[Discussion] Need for early-returning friendly iteration interface
Moelf opened this issue · 1 comments
Moelf commented
this is an example to demonstrate what "early returning" mean following a discussion on Slack with Alexander Plavin
tl;dr
The idea is that you have N columns you filter on, however, maybe 20% of the N columns are enough to early fail 80% of the rows. We need an ergonomic and 0-overhead interface to delay the allocation (or worse, when Feather is compressed) as much as possible.
Setup
julia> using Arrow, BenchmarkTools
julia> function gendata()
x = [rand(rand(0:10)) for _ = 1:10^5]
y = [randn(rand(0:10)) for _ = 1:10^5]
(;x, y)
end
julia> foreach(1:10) do _
Arrow.append("./out.feather", gendata())
end
Benchmark
julia> const tbl = Arrow.Table("out.feather");
julia> function kernel1(xs, ys)
s1 = maximum(ys; init=0.0)
s1 < 0.95 && return false
maximum(xs; init=0.0) < 0.7 && return false
return true
end
julia> @benchmark map(kernel1, tbl.x, tbl.y)

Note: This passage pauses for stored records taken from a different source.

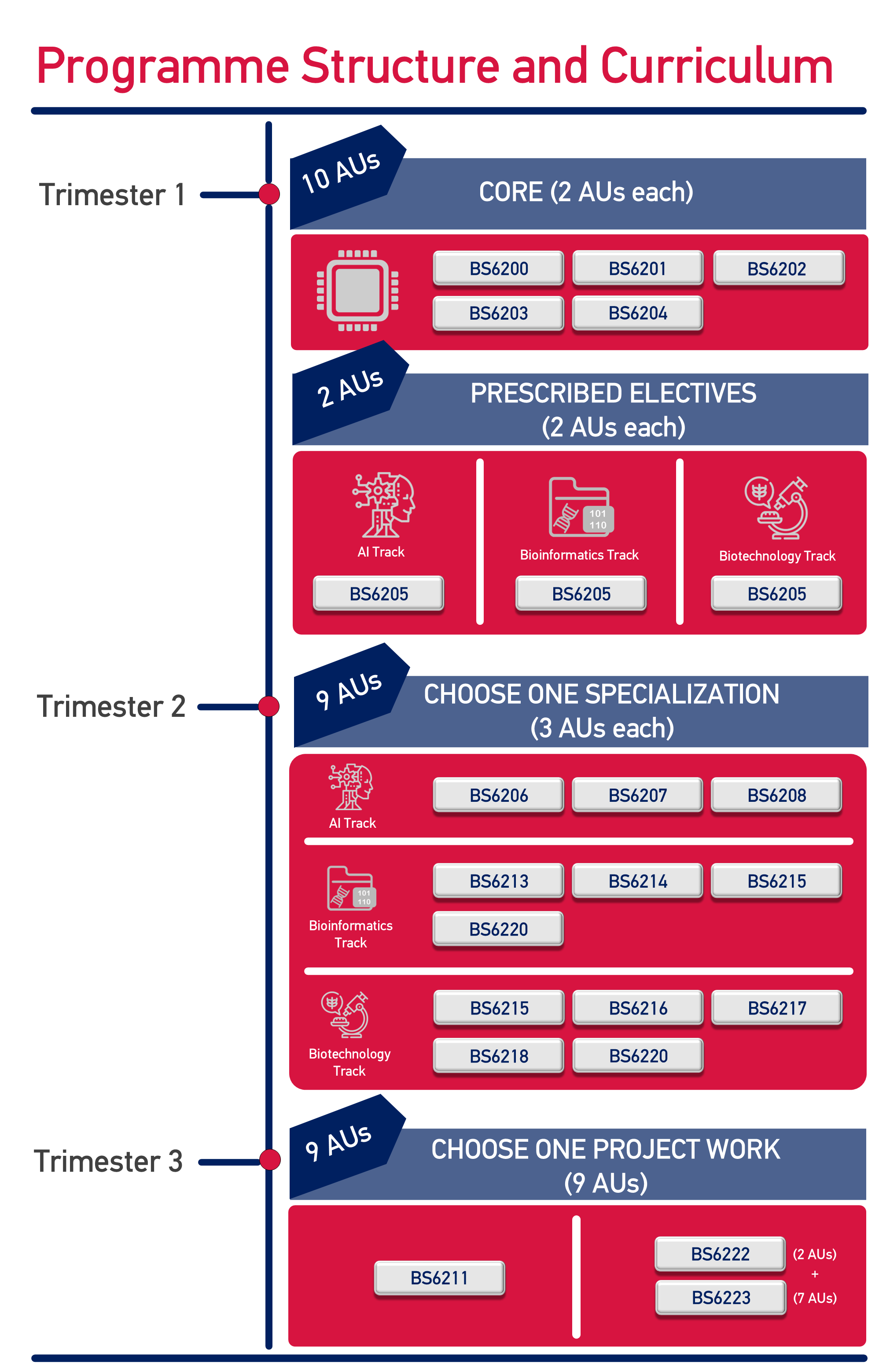 | BS6205 | Essential Bio-statistics and Bio-mathematics (For AI & Bioinformatics tracks) | 2 |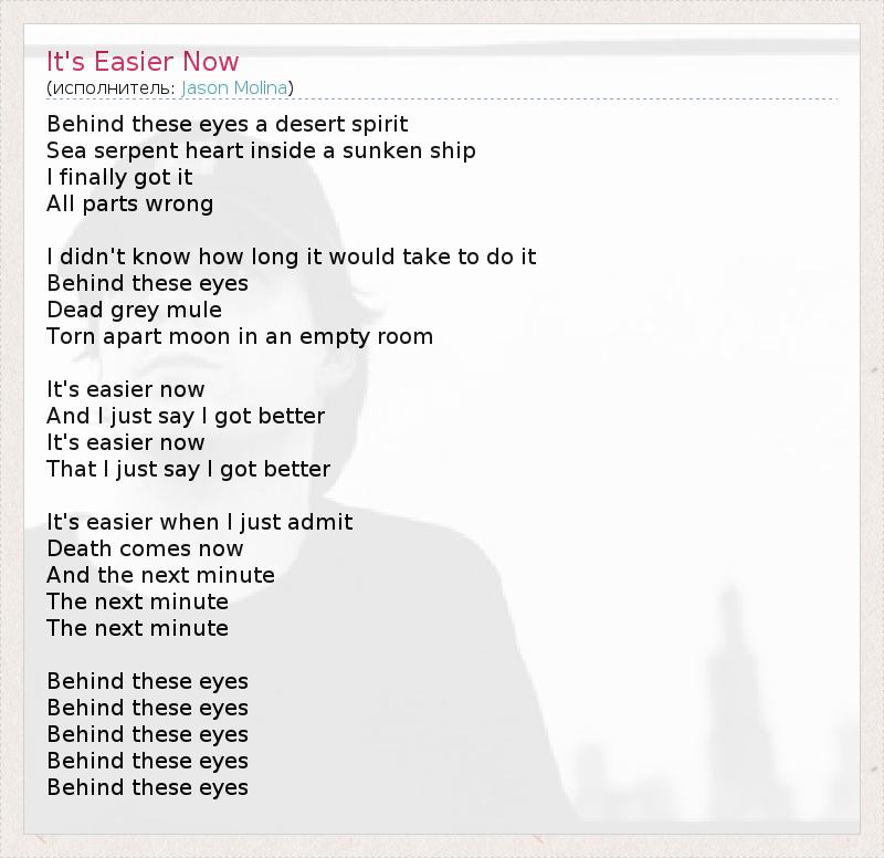 А как ты думаешь, о чем песня "It's Easier Now" ?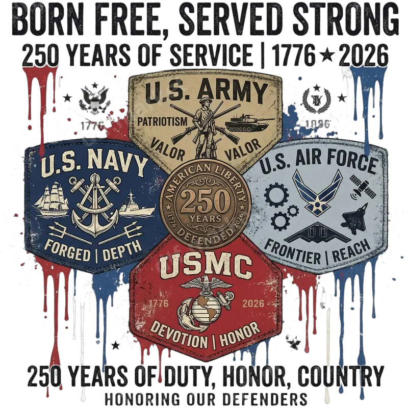 See allThis exceptional DTF transfer celebrates 250 years of American military service (1776-2026). Featuring a bold, distressed vintage design, it proudly showcases the U.S. Army, Navy, Air Force, and USMC with iconic emblems and core values like Patriotism, Valor, Devotion, and Honor. A central "American Liberty 250 Years Defended" medallion is surrounded by patriotic red, white, and blue paint drips, creating a powerful, ready to press statement piece. This patriotic design is ideal for active service members, veterans, military families, and anyone honoring our nation's defenders. Perfect for Memorial Day, Veterans Day, Independence Day (4th of July), military appreciation events, or as a meaningful gift. Use this heat transfer to create custom apparel that pays tribute to the enduring legacy of sacrifice and duty, proudly displaying your support for American liberty. Our premium direct to film transfer is designed for easy application on cotton, polyester, and various blends. Applying your new design is simple with a heat press: set to 300-325°F for 15 seconds with medium pressure. Unlike traditional vinyl transfers, there's no weeding required. For best results, a household iron can also be used with careful, even pressure, making it an accessible iron on decal for all. Experience superior quality with our vibrant, crack-resistant heat press designs. Each t-shirt transfer is printed using professional-grade DTF film and inks, ensuring incredible color fidelity and a soft-to-touch finish that feels like part of the fabric. The strong adhesive guarantees long-lasting durability, even after numerous washes. Elevate your apparel with a professional-grade shirt design that stands the test of time.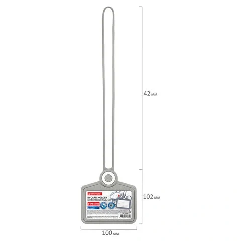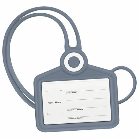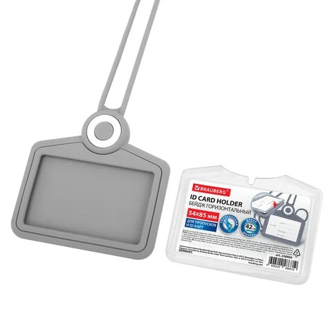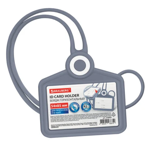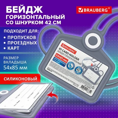 Бейдж горизонтальный для пропуска и ID-карт, СИЛИКОНОВЫЙ, 54х85 мм, шнурок 42 см, серый, BRAUBERG, 2

BenchmarkTools.Trial: 19 samples with 1 evaluation.
Range (min … max): 264.955 ms … 271.889 ms ┊ GC (min … max): 3.83% … 4.93%
Time (median): 267.430 ms ┊ GC (median): 3.82%
Time (mean ± σ): 267.704 ms ± 2.096 ms ┊ GC (mean ± σ): 4.17% ± 0.47%
▁ ▁ ██ ▁▁ ▁ ▁ █▁ ▁ ▁ ▁ ▁ ▁ ▁
█▁▁▁█▁██▁▁▁▁██▁▁▁▁▁█▁█▁▁▁▁▁██▁▁█▁▁█▁▁▁▁▁█▁▁▁▁▁▁▁▁▁█▁▁▁▁▁▁▁█▁█ ▁
265 ms Histogram: frequency by time 272 ms <
Memory estimate: 192.34 MiB, allocs estimate: 2000004.

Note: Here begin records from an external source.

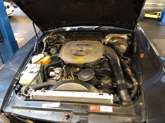 Private party selling my 1989 Mercedes Benz 560SL in Pearl Black Metallic (Dark Charcoal) with a light gray interior and the original black soft top in near new condition. Always a SouthernCalifornia car! Paint is excellent and clear coat is present and glossy. Hard top comes with the car and is in very good condition as is headliner. The car is in really fabulous cosmetic condition with only one significant dent at the driver's fender outer rim (see photos). There is also a paint scrape about 1.5" at the drivers fender edge (see photo). Otherwise a few typical small scratches that are not very noticeable. The interior is almost like new. Dash is superb and only very slight wear on the outer bolsters of the driver's seat. The original stereo has been replaced and the new unit works well. Original head unit not available. Antenna raises and lowers as it should. All instrumentation works as it should. Car runs and drives well. Brand new Michelin Premiere tires ($600). All VIN tags are present. Mostly original paint. I believe the passenger door and fender have been repainted but at a very high level. AC is not cold. Center vents are not blowing air. Slight leak of oil at valve covers though does not drip onto ground. Engine is a bit dirty and the hood pad should be replaced. Will need a 60k service. Comes with original spare and wheel, 2 keys, a notebook of records, original first aid kit, wind screen and remote for stereo. No Manuals. Please ask any questions you may have. This is a gorgeous car that has always been in California and garage kept. Clean CarFax and California title. Paypal deposit of $500 must be received within 24 hours of end of auction. Balance to be paid by bank wire or cash or cashiers check but only if local pick up. I reserve the right to terminate this listing at any time as it is listed locally for sale.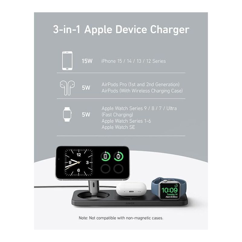 Anker MagGo Wireless Charging Station 15W 3-in-1 Pad With Cable And Wall Adapter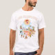 Shirt shows a whimsical cartoon of Southern California - classic characters enjoy the warm California sun who shines high above it all.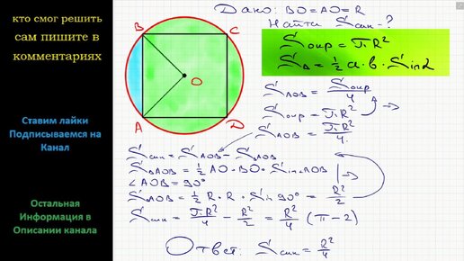 Математика Круг, радиус которого равен R, разделен на два сегмента хордой равной стороне вписанного квадрата. Определить площадь меньшего
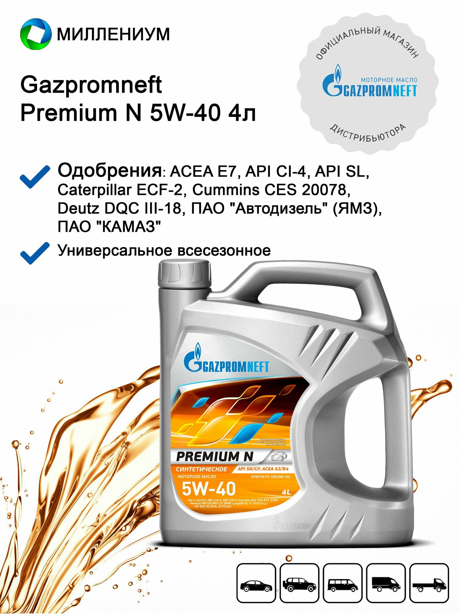 Масло моторное Gazpromneft Premium N 5W40 синтетическое 4 л 2389900144 GAZPROMNEFT / арт. 2389900144 - (1 шт)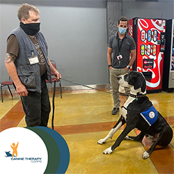 Canine Therapy Corps regularly visits Haymarket and works with patients from our Men’s and Women’s Integrated Treatment programs to provide dog therapy services. Through a six-week curriculum, patients work with the dogs on progressively advanced obedience and agility, culminating in a graduation where each participant demonstrates proficiency in dog handling.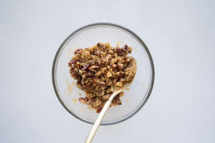 - For topping, combine the brown sugar, pecans and butter together until combined.

julia> function method2(xss, yss)
map(axes(yss, 1)) do i
ys = yss[i]
s1 = maximum(ys; init=0.0)
s1 < 0.95 && return false
xs = xss[i]
maximum(xs; init=0.0) < 0.7 && return false
return true
end
end
julia> @benchmark method2(tbl.x, tbl.y)
BenchmarkTools.Trial: 25 samples with 1 evaluation.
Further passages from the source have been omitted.